Under the conditions of a new package of US sanctions against Sovcomflot and grey fleet tankers, Greek shipowners "lent a shoulder" to Russian oil. In April, their vessels carry 20-25% of cargo from Russia. True, for this it was necessary that two factors converge. Russian oil has fallen below $ 60 per barrel — the ceiling of the "Big Seven", above which Western shipowners are prohibited from working with Russian oil. In addition, the cost of freight significantly exceeds the delivery of alternative oil.
A year and a half later, the tankers of the Greek shipowners returned to the transportation of Russian oil. It happened as never before in time. The last package of the United States imposed sanctions in March on another 183 tankers of Sovcomflot and the owners, who are considered the gray fleet. However, the Greeks did not return for old times' sake — shipowners from Greece transported Soviet oil during the Cold War.
Transportation of Russian oil remains one of the most profitable, while the Greeks have always been able to squeeze the maximum commercial benefits out of the situation. If in the first half of 2022 other European carriers mostly refused to transport Russian oil, then they continued to do so until the last — until November 2023, when the United States began to tighten sanctions against violators of the $60 price ceiling. Moreover, it was the Greek shipowners who contributed to the creation of a gray fleet for the transportation of raw materials from Russia. The Follow The Money organization has estimated that since 2022, shipowners have sold 230 tankers worth $ 6 billion to countries that have not joined the sanctions. And 127 ships "left" Greece.
For the local shipowners, who control most of the world's merchant fleet, these deals have become extremely profitable and now allow them to upgrade their fleet. The European Union announced sanctions on the price limit and the ban on supplies to Europe from December 5, 2022 in advance — in August. And since then, the purchase of tankers has begun, which have skyrocketed in price. So, a 15-year-old Aframax-class tanker has risen in price by 144%, was estimated in the Vessel Value. The average cost of the vessel increased from $ 16 million to $39 million.
Greek shipowners have been returning to the transportation of Russian oil since March, when the latest US sanctions came into force and also did it for a reason.
On the one hand, the cost of Russian Urals oil has dropped below $ 60, above which European tankers are prohibited from transporting raw materials from Russia.

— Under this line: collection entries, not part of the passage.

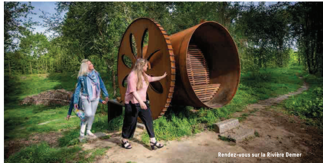
Rendez-vous sur la Rivière Demer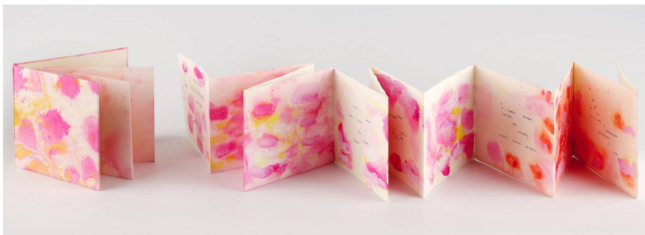
Éclats de roses , par Roland Chopard et Colette Deblé, aux éditions Encrages & Co, 1989, 15 exemplaires ©Gérard Cottet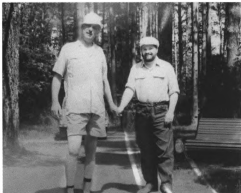
С Сергеем Владимировичем Михалковым. Николина Гора . 1954 г.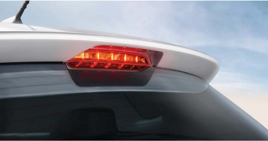
• Luz de freno alta.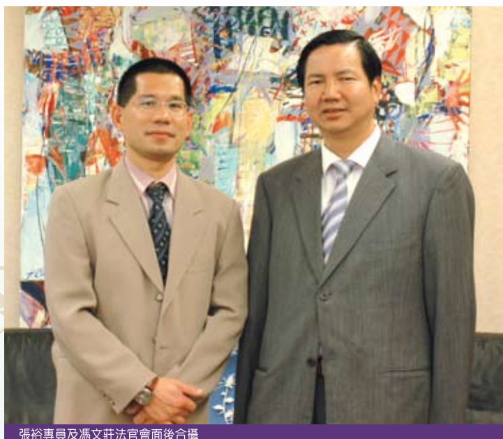
張裕專員及馮文莊法官會面後合攝

張裕專員及馮文莊法官就過去兩屆立法會選舉中所出現的問題、立法會選舉制度因應該等問題而作出的調整，以及如何確保2009年立法會選舉公正廉潔等事宜充份交換了意見，並希望在立法會選舉制度得到改善後，進一步加強廉署及立法會選舉管理委員會的溝通和合作，致力預防在2009年立法會選舉中出現舞弊違規行為，尤其透過發出清晰的指引和資訊，為創造公平的選舉競爭環境提供最佳的條件。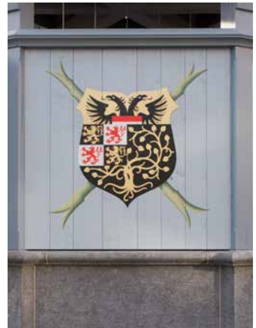
DETAIL VAN DE STADSPUIT MET HET STADSWAPEN. OP ANDERE PANELLEN STAAN DE WAPENS VAN HET HERTOGDOM EN VAN KEIZER KAREL V.

van hout, het dak gedekt met leien. Op het puthuis kwam een bekroning met adelaars en een kopie van de vergulde keizerskroon van Karel V.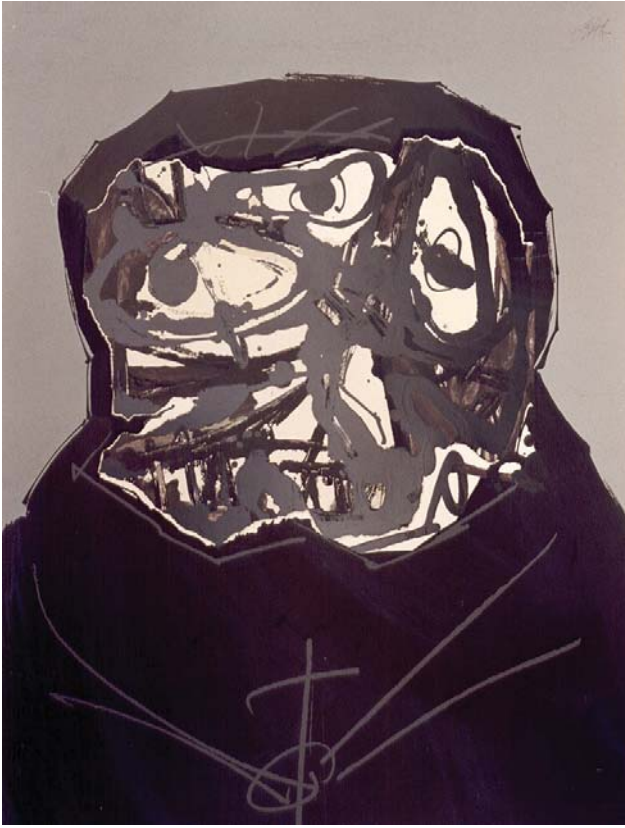
Saura. Aphorismen. Serigrafía, 70x50 cm.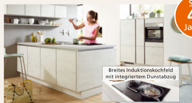
Breites Induktionskochfeld mit integriertem Dunstabzug

Aktionen gültig für Bestellungen vom 22.10. - 21.12.2019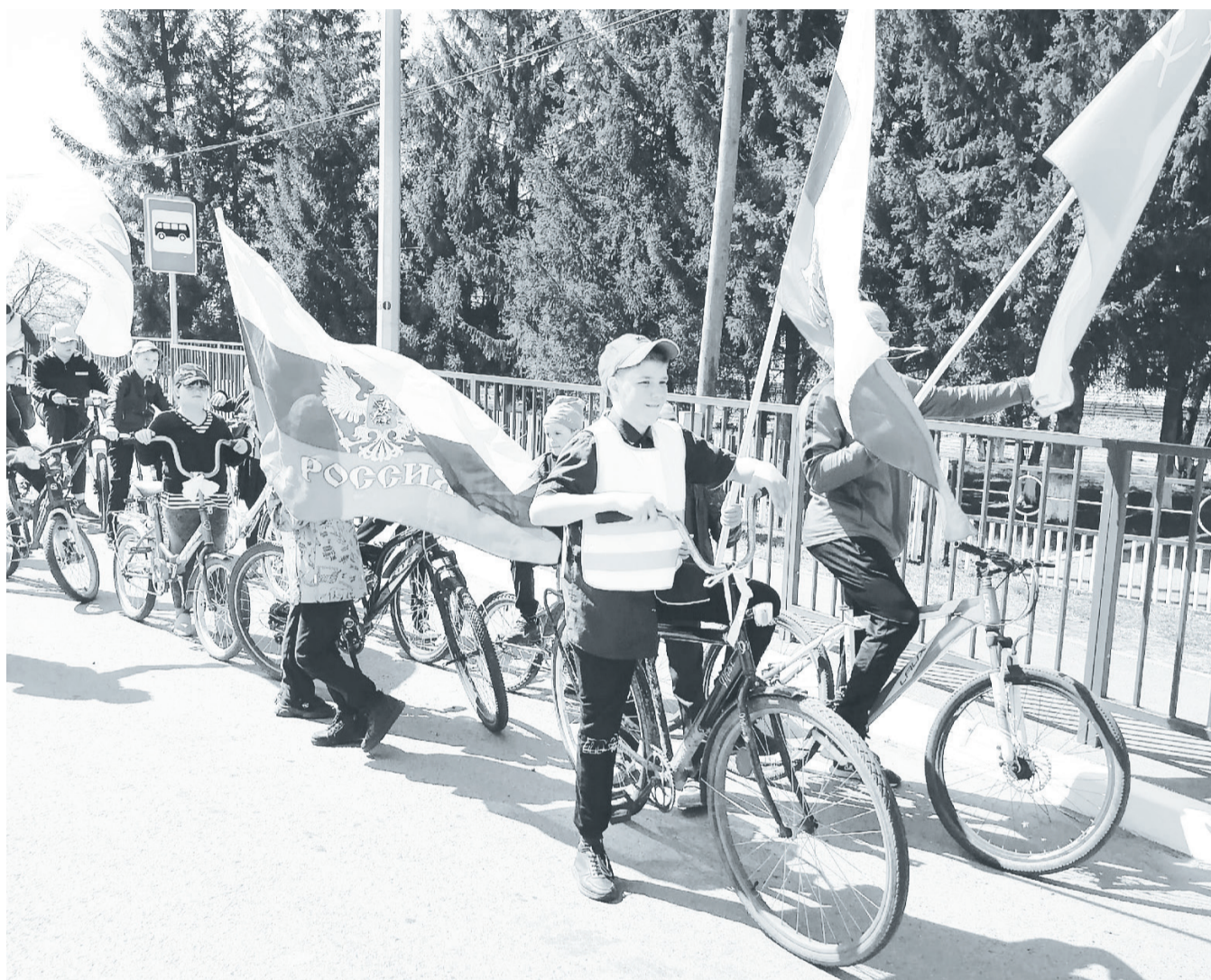
Представители молодого поколения нашего района с гордостью участвуют в патриотических мероприятиях.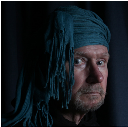
Origineel is te blauw en grijs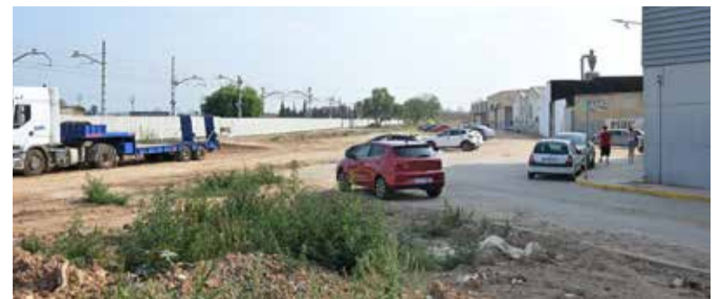
Nou espai per a la remodelació integral

La jornada a Paiporta es va dividir en tres blocs fundamentals: el primer ha analitzat els aspectes naturals i científics de l'episodi del 29 d'octubre; el segon ha presentat solucions urbanes i estratègies d'adaptació en entorns urbans; i el tercer ha aprofundit en les solucions basades en la natura, com la restauració de rius i repoblacions forestals, que permeten una gestió més sostenible i eficaç del territori.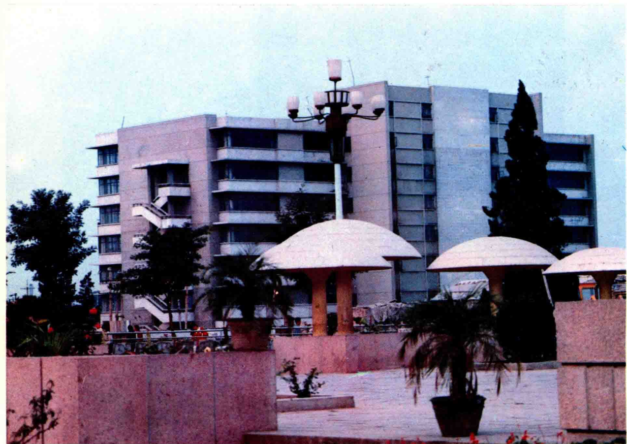
▲德州地區郵電局郵政大樓遠眺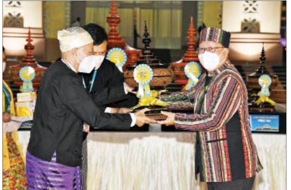
နိုင်ငံတော်စီမံအုပ်ချုပ်ရေးကောင်စီဝင် ဦးမောင်းဟာ ချင်းပြည်နယ် ဂုဏ်ပြုယာဉ်အတွက် အထူးဆု ပေးအပ်ချီးမြှင့်စဉ်။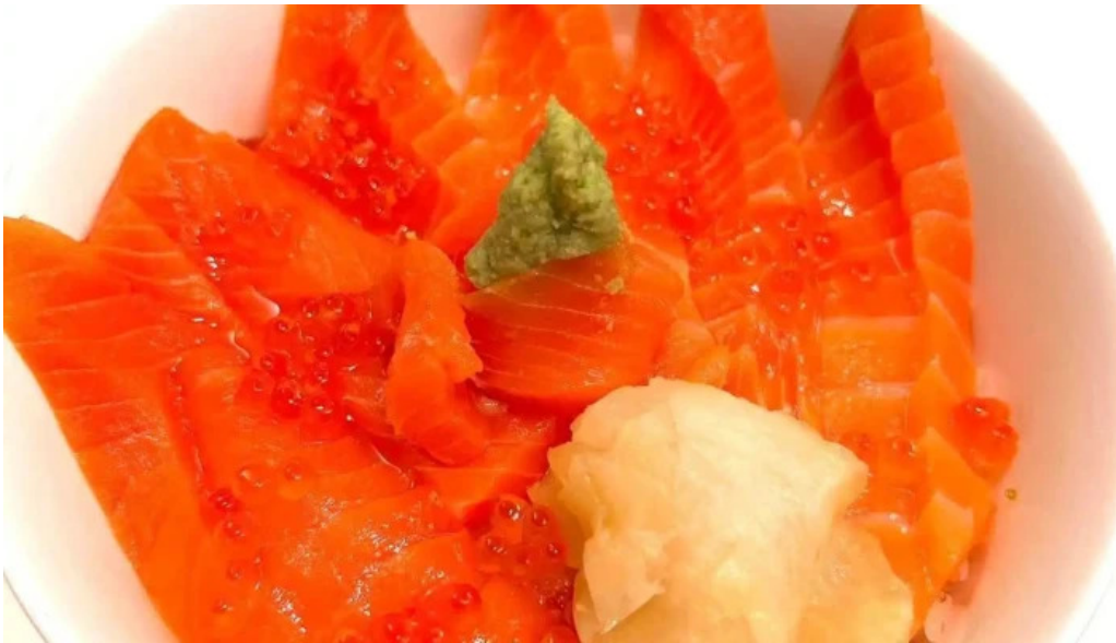
Qi restaurant nabe Zui Xin

On the other hand, the freight rate is much higher.
According to AIS vessels, in April, at least 58 tankers of 12 Greek shipowners were operating on routes for the delivery of Russian oil. They mainly deliver raw materials from the Baltic and Black Sea ports to India and other Asian countries. On average, a round trip takes them a month.
Aframax and Suezmax class tankers can carry from 104 thousand tons to 161 thousand tons of oil and 7.3 million tons (54 million barrels) can be on the fleet participating in the transportation, whose price is now about $ 2.9 billion.
Most of all tankers were provided by Minerva Marine, which is part of the group of the largest Greek shipowners. Its 13 vessels are involved in the delivery of oil, not to mention petroleum products. For example, Minerva Kalypso transports up to 159 thousand tons from Primorsk to Indian Sika, Minerva Karteria carries up to 114 thousand tons from Ust-Luga to Chinese Zhoushan, and Minerva Alice is sent from Vysotskaya to Singapore and transports up to 114 thousand tons of oil.
Not all Greek shipowners have returned to the transportation of Russian oil, but the refuseniks are in the minority — five companies. Among them is the largest Greek group Maran Tankers.
The current number of tankers of Greek shipowners can provide transportation of 20%-25% of Russian oil and even more than went on the routes in August 2023. The maximum was recorded according to AIS data in June 2023 — more than 90 tankers of Greek shipowners carried Russian oil to foreign consumers. Their share reached a third of traffic.
If then freight rates dropped to $ 4.5-$ 4.8 million per one-way flight, now, according to Reuters, cargo delivery from the Baltic ports to the west coast of India is estimated at around $ 7 million. Despite the fact that the delivery of alternative oil to the same distance is twice as low.
Obviously, a window of opportunity has opened for Greek shipowners and it is more than a one-time profit. The US import duties announced by Donald Trump threaten to slow down the global economy, oil consumption and reduce demand for the transportation of raw materials. In this situation, the Greeks are filling a niche that may allow them to successfully survive another crisis that tanker companies may face.